Sunday, August 16, 2009

Play on Words

Here’s a wrap-up of my weekend at the Stratford Shakespeare Festival in Stratford, Ontario, some thoughts on the plays we saw, and what I learned about my own writing and the craft.

All plays are about words, but some more than others.

It was perhaps a coincidence that the four plays we saw — The Three Sisters, The Importance of Being Earnest, Cyrano de Bergerac, and Bartholomew Fair — are less about plot than they are about the characters and their verbal exchanges. The spoken — and the unspoken — dialogue matters as much if not more than the action, and the evolution of the characters is portrayed in what they say and how they say it. Indeed, the plot of Cyrano de Bergerac — a handsome but tongue-tied soldier employs the words of the eloquent but proboscis-challenged Cyrano to woe his love — is all tied up in how language works and the perception of what it means. And even in plays with twists and turns and convolutions of the storyline such as Bartholomew Fair where the names of the characters — Littlewit, Winwife, Quarlous — tell us what they are, their games of language and wordplay make the plot — Puritans and rogues meet up at a county fair and fun and thievery ensue — secondary to the fun and revelry. By the way, if you need an introduction to the language of the Elizabethan era and find Shakespeare daunting, Ben Jonson is a wonderful primer.
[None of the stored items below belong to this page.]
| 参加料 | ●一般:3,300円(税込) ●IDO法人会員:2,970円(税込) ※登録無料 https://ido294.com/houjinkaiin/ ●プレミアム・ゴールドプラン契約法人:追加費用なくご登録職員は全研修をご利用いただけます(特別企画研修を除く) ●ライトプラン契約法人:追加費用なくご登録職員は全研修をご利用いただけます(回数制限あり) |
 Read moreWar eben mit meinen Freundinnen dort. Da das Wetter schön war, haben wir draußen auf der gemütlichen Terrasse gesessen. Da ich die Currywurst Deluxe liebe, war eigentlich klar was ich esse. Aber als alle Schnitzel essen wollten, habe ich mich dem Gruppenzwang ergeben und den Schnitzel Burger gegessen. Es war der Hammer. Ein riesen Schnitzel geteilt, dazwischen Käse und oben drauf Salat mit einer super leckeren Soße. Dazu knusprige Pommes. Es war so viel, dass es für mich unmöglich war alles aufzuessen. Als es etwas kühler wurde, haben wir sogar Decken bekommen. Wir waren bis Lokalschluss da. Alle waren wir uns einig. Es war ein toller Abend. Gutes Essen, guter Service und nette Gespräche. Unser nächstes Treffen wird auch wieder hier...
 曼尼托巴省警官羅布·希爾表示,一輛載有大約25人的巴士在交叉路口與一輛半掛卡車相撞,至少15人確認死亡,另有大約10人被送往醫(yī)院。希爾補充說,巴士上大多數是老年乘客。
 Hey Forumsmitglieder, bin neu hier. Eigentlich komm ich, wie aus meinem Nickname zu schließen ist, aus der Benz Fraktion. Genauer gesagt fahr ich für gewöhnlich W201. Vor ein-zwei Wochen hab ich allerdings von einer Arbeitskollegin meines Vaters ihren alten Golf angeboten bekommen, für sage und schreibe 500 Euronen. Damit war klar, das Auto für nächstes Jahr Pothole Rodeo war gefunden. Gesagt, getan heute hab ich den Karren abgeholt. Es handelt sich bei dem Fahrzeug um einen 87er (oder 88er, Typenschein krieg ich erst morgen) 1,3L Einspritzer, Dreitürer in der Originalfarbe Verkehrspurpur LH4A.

It goes without saying that Oscar Wilde’s The Importance of Being Earnest is nothing without his words and wit. It’s not called a “verbal opera” for nothing. The plot revolves around words, the title is the lead-up to the last line of the play — it’s the only three-act shaggy dog story I know of — and the entire premise of Wilde’s mocking of society is built on the language and the fashioning of it. (He left it to his contemporary, George Bernard Shaw, to write a play, Pygmalion, about the difference between the classes as defined by the way people speak.)
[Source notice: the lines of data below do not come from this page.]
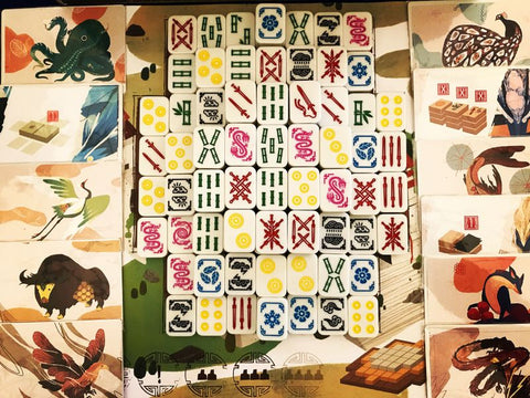 Dragon Castle is a game freely inspired by Mahjong Solitaire. During your turn, you take a pair of identical tiles from the central "castle" (known as the Dragon Castle) and place them on your own realm board to build your own castle. From time to time, you may sacrifice these tiles to acquire shrines in their place.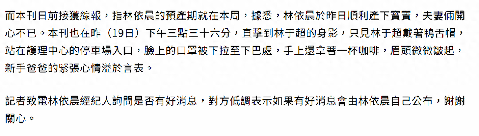 媒体还目击林依晨老公林于超带着鸭舌帽现身月子中心,神情紧张。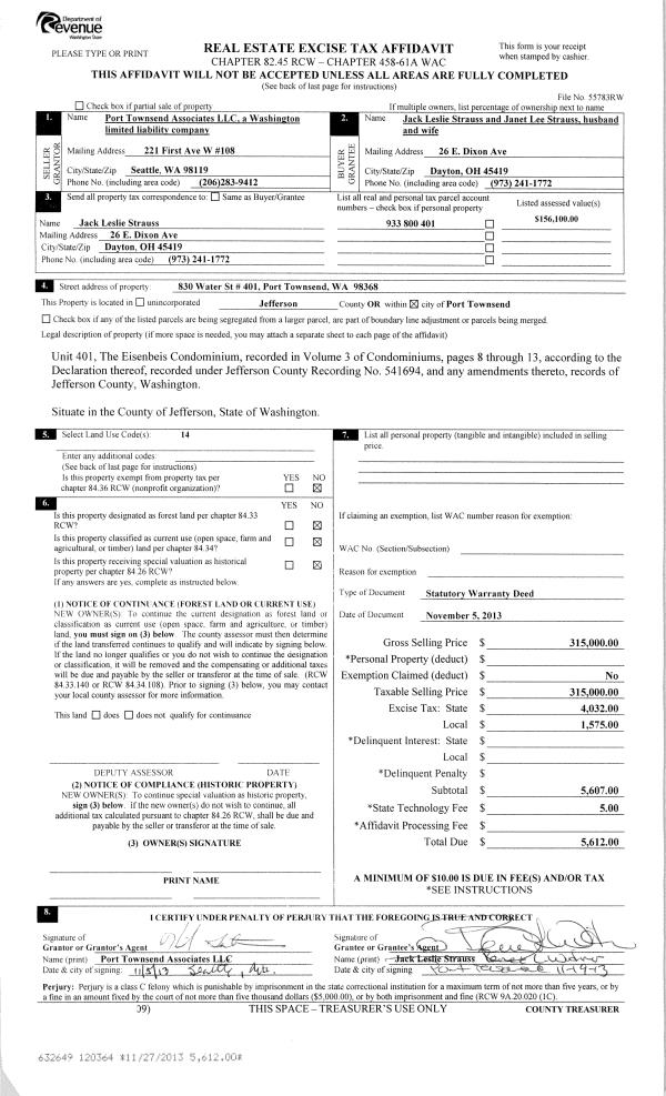 | Mailing Address: | 90 MAY ST PORT HADLOCK, WA 98339 | % Ownership: | 100.0000000000% |

I’ve never been a student of Russian literature, and I can neither speak it nor write it. But if my reading of Dostoevsky in high school and my attempt to get through War and Peace is any guide, it is a language that is heavy with history, story-telling, metaphors, and allegory. Chekhov’s plays are layered with meaning, and I imagine that translating his works to English is a daunting task. Lanford Wilson once undertook a translation of The Three Sisters and he said he used to come home from his Berlitz classes with pounding headaches at the complexities of the verb tenses and syntax, not to mention learning the Cyrillic alphabet. But it doesn’t make it impenetrable, and there is wit and grace in Chekhov’s dialogue, not just in the spoken word, but also what he leaves unsaid by his word choices, and the tiny little moments that convey great import without being ponderous. Chekhov remembered these little moments — in a letter to Olga Knipper in 1903 he wrote, “What torture it is to cut the nails on your right hand!” — and I can think of few playwrights who would think of such a thing and marvel at it. (Pinter tried, but I don’t think he succeeded as well.)
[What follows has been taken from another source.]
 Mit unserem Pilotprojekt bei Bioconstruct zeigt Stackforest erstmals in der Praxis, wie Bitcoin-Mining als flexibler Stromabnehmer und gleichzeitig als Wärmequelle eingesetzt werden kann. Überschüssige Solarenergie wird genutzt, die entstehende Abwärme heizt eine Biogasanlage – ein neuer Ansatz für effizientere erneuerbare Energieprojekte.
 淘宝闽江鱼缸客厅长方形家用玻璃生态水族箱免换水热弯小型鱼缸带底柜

Words on a page are just that, though; it takes skill and craft to bring them up to the stage and deliver the message. Playwrights view the script the same way a composer sees a score or an architect sees a blueprint: two dimensional without the collaboration of others, and the trust that they give their child to go out into the world on its own is tenuous. The performances at Stratford rarely fail to meet or exceed the expectations, and I think that’s because they truly do honor the work of the playwright as much as they do the efforts of the rest of the company. The performances we saw this weekend were all exemplary, hardly a false note in the bunch, and they were tackling some hard works. As I noted previously, Chekhov and Wilde require the same deft touch; even a raucous comedy like Earnest can turn heavy and grotesque. There are those who would say that casting Brian Bedford as Lady Bracknell pushes the limit, but he’s following in the footsteps of legend — William Hutt did it at Stratford in the 1970’s — but it is a role that is less about Lady Bracknell’s gender than it is about what she represents: “We live in a world of surfaces.” Colm Feore gave Cyrano de Bergerac the perfect touch; he played him as an unattractive man in both appearance and manner so that you had to listen to his worlds to realize what charm, delicacy, and “panache” was underneath the exterior.

The other night during The Three Sisters, my mother nudged me with her elbow and whispered, “Wake up!” That was because I had my eyes closed. But I wasn’t asleep; far from it. There was a point in the play where I could listen better with my eyes closed, and sometimes the words mean more when that’s all you have.